Par Othman Firano, fondateur de Maghreb Nutrition. · Relu par Ibtissam Firano, relecture santé, 7 ans d’études de médecine.
Publié le 12 septembre 2026 · Relecture santé le 12 septembre 2026
Si des palpitations apparaissent pendant une prise d’ashwagandha, ne reprenez pas le complément pour vérifier si cela recommence et demandez un avis médical. Des palpitations persistantes, une douleur thoracique, un essoufflement ou un malaise avec perte de connaissance justifient une prise en charge urgente. Ne les attribuez pas d’emblée au stress.
Des publications ont décrit des troubles thyroïdiens survenus après l’usage d’ashwagandha. Ces observations ne permettent pas de calculer la fréquence du problème ni d’accuser toutes les formules. Elles suffisent en revanche à rendre inadaptée la réponse « c’est une plante relaxante, continuez ». Ce guide vous aide à expliquer la situation au professionnel de santé et à lire l’étiquette, sans transformer le catalogue en traitement des palpitations.
Quand faut-il agir tout de suite ?
La fiche du NHS sur les palpitations distingue les épisodes à faire évaluer des signes imposant une aide urgente. Si le cœur continue à battre anormalement ou si s’ajoutent douleur thoracique, difficulté à respirer ou évanouissement, contactez les services d’urgence locaux. Au Maroc, faites-vous accompagner vers une prise en charge adaptée ; ne conduisez pas si vous vous sentez mal.

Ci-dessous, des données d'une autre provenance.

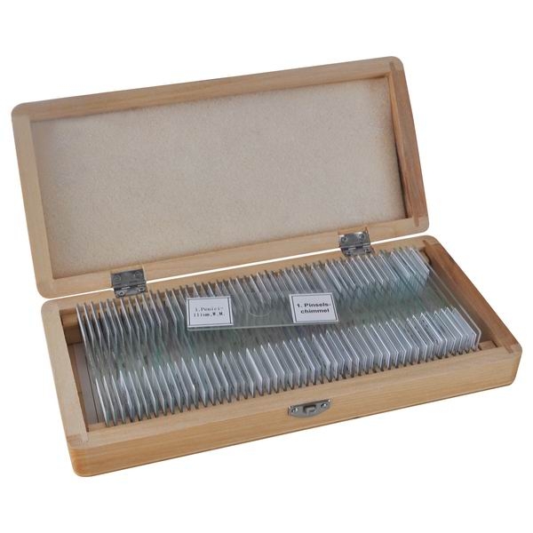 Набор специально подготовленных образцов (слайдов) для исследования под микроскопом. Большинство образцов обработаны специальными веществами для повышения контраста. Набор включает как образцы раститений и микроорганизмов, так и фрагменты тканей насекомых, рыб, животных и человека.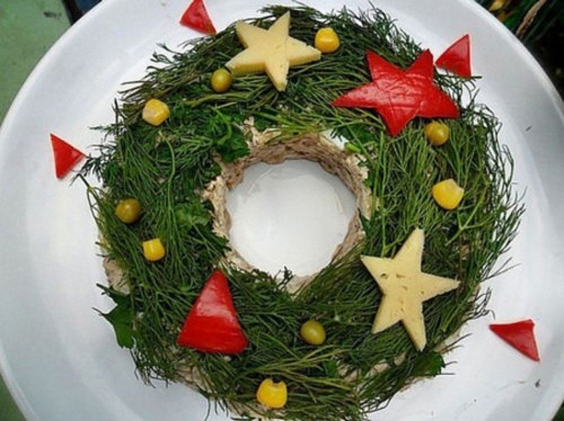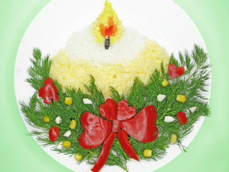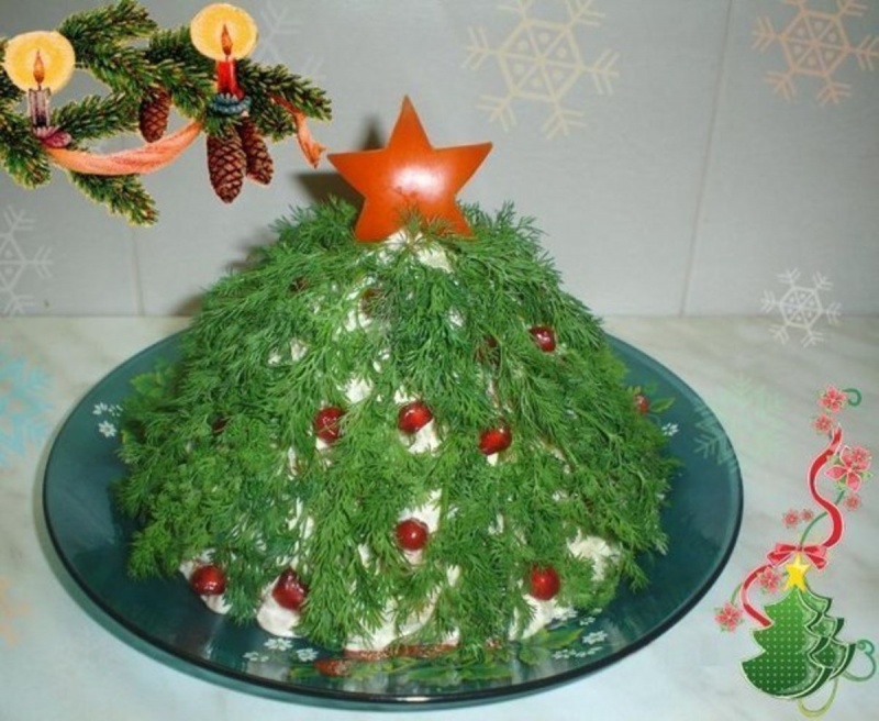 Новогоднее украшение салатов

Gardez les informations sur ce que vous avez pris, mais ne retardez pas l’aide pour chercher le numéro de lot ou terminer un questionnaire en ligne. Une boutique ne peut pas trier à distance une situation potentiellement urgente. Si l’épisode a cessé mais revient, un rendez-vous médical reste nécessaire pour en chercher la cause.
Ce n’est pas un test de tolérance à poursuivre
Il peut être tentant de réduire la quantité et de reprendre « juste une fois ». Ce serait une nouvelle exposition sans explication de l’épisode précédent. Une amélioration après l’arrêt ne prouve pas non plus, à elle seule, que tout est réglé ou que le complément était l’unique cause. La décision de reprise relève de l’évaluation, pas d’un essai personnel.

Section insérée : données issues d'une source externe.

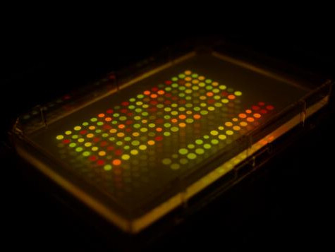 他们利用7个大肠杆菌菌株群,每个都加入了能表达出不同颜色荧光蛋白的基因。当基因打开后细菌就会发出不同颜色的光,如红绿蓝,人眼可以清晰识别出这些光。研究人员随后利用颜色组合信息。7种颜色有49种组合,可用于编码26个字母和23个字母数字符号如@和$。

Le terme palpitations décrit une sensation ; il ne dit pas quel rythme cardiaque est présent. Notez ce que vous avez ressenti sans poser vous-même un diagnostic. « Battements rapides pendant vingt minutes » est une information plus utile que « j’ai sûrement un problème de thyroïde », même si cette hypothèse fait partie des points à examiner.

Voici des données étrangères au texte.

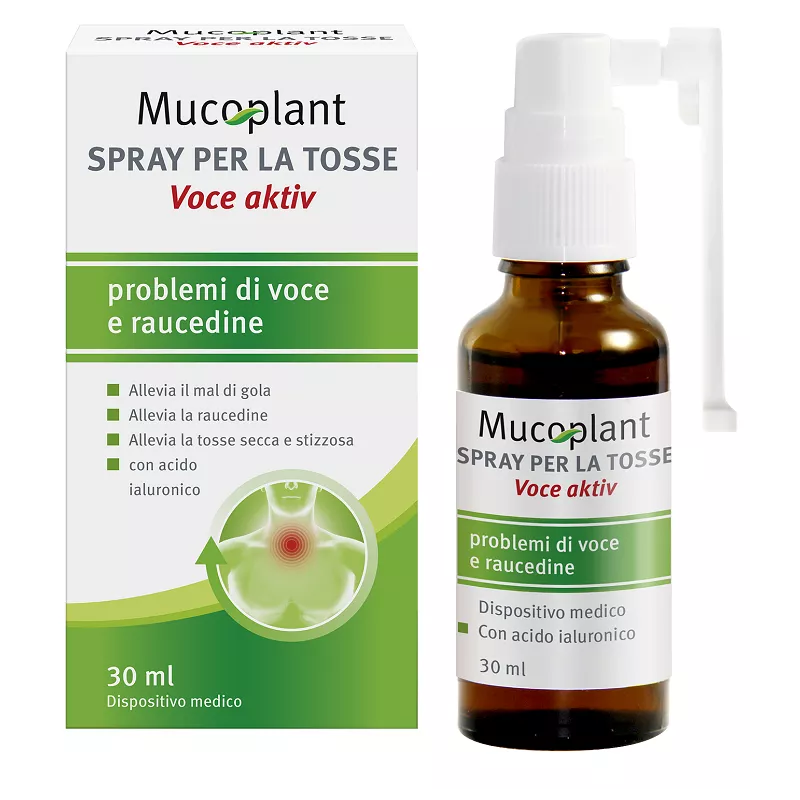 Spray per la tosse con ingredienti vegetali, estratto di altea e muschio islandese, crea un film protettivo sulle mucose della gola e allevia rapidamente i problemi vocali, raucedine e tosse irritante. L’acido ialuronico idrata le mucose.

Pourquoi la thyroïde entre-t-elle dans la discussion ?
L’ashwagandha a été étudiée pour ses effets sur certains paramètres thyroïdiens. Une plante associée à la détente peut donc avoir des effets biologiques qui dépassent l’impression de calme recherchée. Le mot « naturel » ne répond pas à la question de sa compatibilité avec votre situation.
Cela ne signifie pas que toute palpitation sous ashwagandha vient de la thyroïde. Le professionnel de santé considère les antécédents, les autres prises et l’examen. Vous n’avez pas à choisir vous-même entre stress, trouble du rythme et cause hormonale avant de consulter. Votre rôle est de signaler le complément comme vous signaleriez les autres produits utilisés, avec le nom et la quantité réellement pris.
Ce que montre le cas publié en 2022
Kamal et collaborateurs ont décrit une patiente de 73 ans ayant un antécédent d’hypothyroïdie, une tachycardie supraventriculaire et une TSH supprimée pendant l’usage d’ashwagandha. Ses T3 et T4 étaient dans les intervalles de référence rapportés. Elle a reçu une prise en charge hospitalière, puis le complément a été arrêté. Une amélioration ultérieure a été observée.
Ce cas ne démontre pas que l’arrêt seul a pris en charge l’épisode cardiaque. Il ne représente pas non plus un essai comparatif permettant d’estimer le risque. Le détail des hormones compte : résumer l’article par « toutes les hormones étaient trop hautes » déformerait ce qui a été observé. Le signal invite à investiguer, pas à généraliser.
Une thyroïdite rapportée chez un homme sans antécédent connu
Dans le cas de Hayashi et collaborateurs publié en 2024, un homme japonais de 47 ans a développé une thyrotoxicose après environ deux mois d’utilisation. Les examens étaient compatibles avec une thyroïdite indolore, et l’évolution s’est améliorée après l’arrêt. Cette observation rapporte une thyroïdite après l’usage d’ashwagandha ; elle ne prouve ni une causalité certaine pour toutes les formules ni la fréquence du risque.
Il est donc inexact de présenter l’ashwagandha comme sans question thyroïdienne chez toute personne auparavant en bonne santé. Mais remplacer cette erreur par « elle abîme forcément la thyroïde » en serait une autre. Les cas cliniques signalent une possibilité qui mérite attention ; ils ne fournissent pas une prédiction individuelle.
L’essai sur l’hypothyroïdie ne justifie pas l’automédication
L’essai de Sharma, Basu et Singh publié en 2018 portait sur 50 adultes de 18 à 50 ans ayant une hypothyroïdie subclinique. Pendant huit semaines, un extrait à 600 mg par jour a été comparé à un placebo, avec des changements de paramètres thyroïdiens. Cette population et cet objectif sont très particuliers.
Ce résultat n’établit pas une efficacité contre les palpitations et ne démontre pas qu’ajouter un extrait à un traitement thyroïdien est sans risque. La quantité étudiée n’est pas une consigne pour vous. Une dose en milligrammes tirée d’un essai ne permet pas non plus d’identifier une formule du commerce comme équivalente sans examiner l’extrait et sa composition.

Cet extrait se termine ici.